This nation is currently engaged in vigorous discussion about how to address brutality and targeting of minorities committed by law enforcement. In some cases, even where liability is admitted as to racially targeted policing, a court may significantly reduce the amount of damages awarded by a jury to victims of police brutality through use of a procedure call “remittitur.” Remittitur occurs when a trial judge determines that a jury award is excessive, and offers the plaintiff the option of accepting a reduction in the jury verdict or proceeding to a new trial. Although the Seventh Amendment provides that “no fact tried by a jury, shall be otherwise reexamined in any court of the United States,” courts have insisted that remittitur results only where a jury verdict is excessive as a matter of law.

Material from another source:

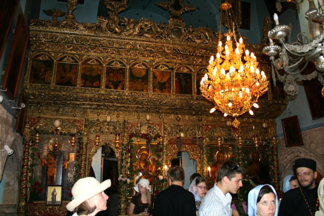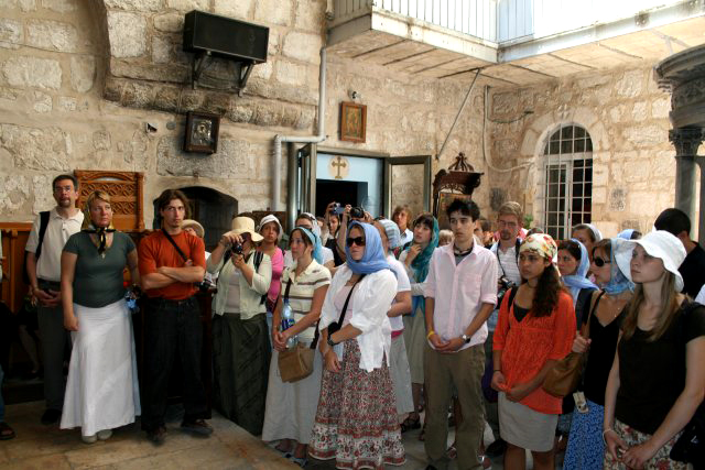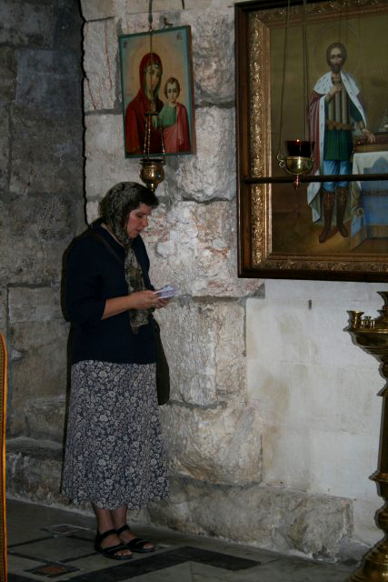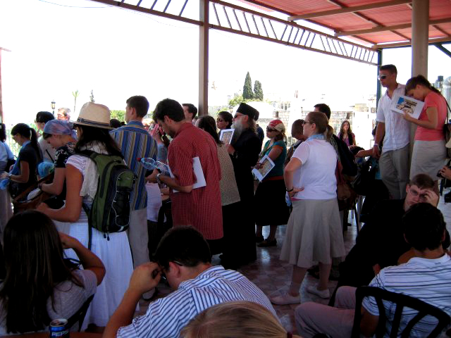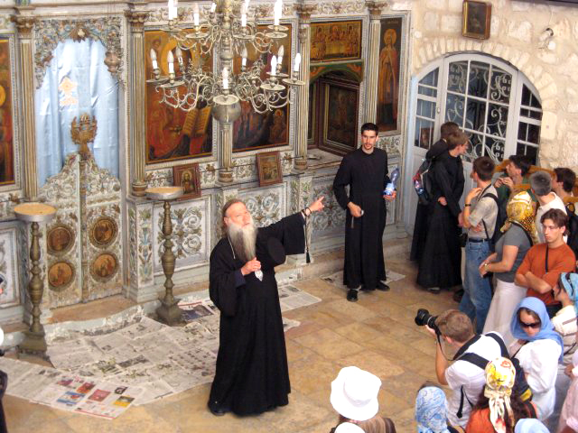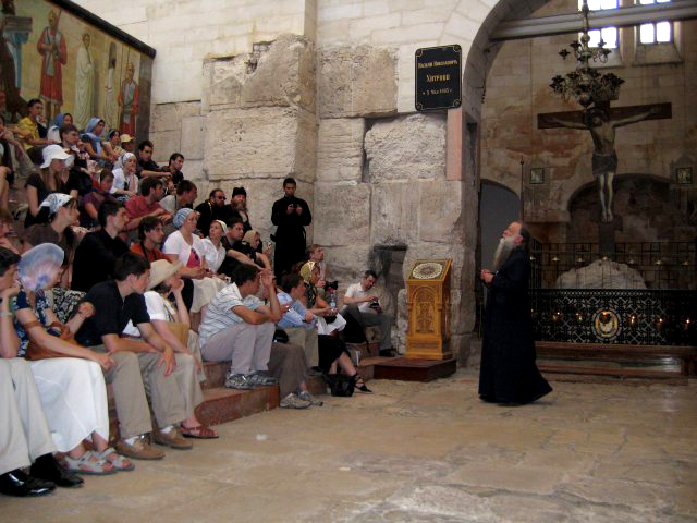On Friday, July 6, the pilgrims of the Russian Orthodox Church Outside of Russia, led by His Grace Bishop Peter of Cleveland, prayed at the Life-bearing Sepulcher of the Lord and Golgotha, and then headed for the site of the appearance of the Resurrected Christ to St Mary Magdalene, E qual-to-the-Apostles. The pilgrims venerated the relics and icons of the churches in the area and heard a profound sermon given by His Grace. They then went to the “Russian Excavations.”

The Supreme Court of the United States has never directly addressed the question of whether remittitur violates the Seventh Amendment. However, dicta found in the 1935 case Dimick v. Scheidt, combined with longterm practice of remittitur in federal courts, has allowed the procedure to occur largely without question. Such acceptance is not based on constitutional precedent or good public policy. Recent scholarship suggests that the trial option presented to a plaintiff as an alternative to reduced damages is illusory due to the increased cost, delay, and risk of losing a new trial. Further, damages awarded by a jury to compensate for pain and suffering or emotional distress involve a subjective determination of fact. Here, a judge has little basis for supplanting the jury’s determination with a subjective conclusion about damages of his or her own.

Recently, the Seventh Circuit addressed the use of remittitur in Adams v. City of Chicago. There, two brothers appealed a remittitur order that reduced damages awarded to them for claims brought under the Fourth Amendment, the Fourteenth Amendment, and malicious prosecution in violation of Illinois state law. Although the Seventh Circuit reversed the order of remittitur in that case, its dismissal of the plaintiff’s argument that the order of remittitur violated their rights under the Seventh Amendment failed to issue a decision that would prevent similar harm to future victims of police brutality. This Article considers the application and ramifications of remittitur in a civil rights context. Through an analysis of the trial option and the process by which a judge determines that a jury award is excessive in civil rights cases, this Article argues that the practice of remittitur serves no constitutional or public policy interest when a plaintiff sues for violation of his or her civil rights.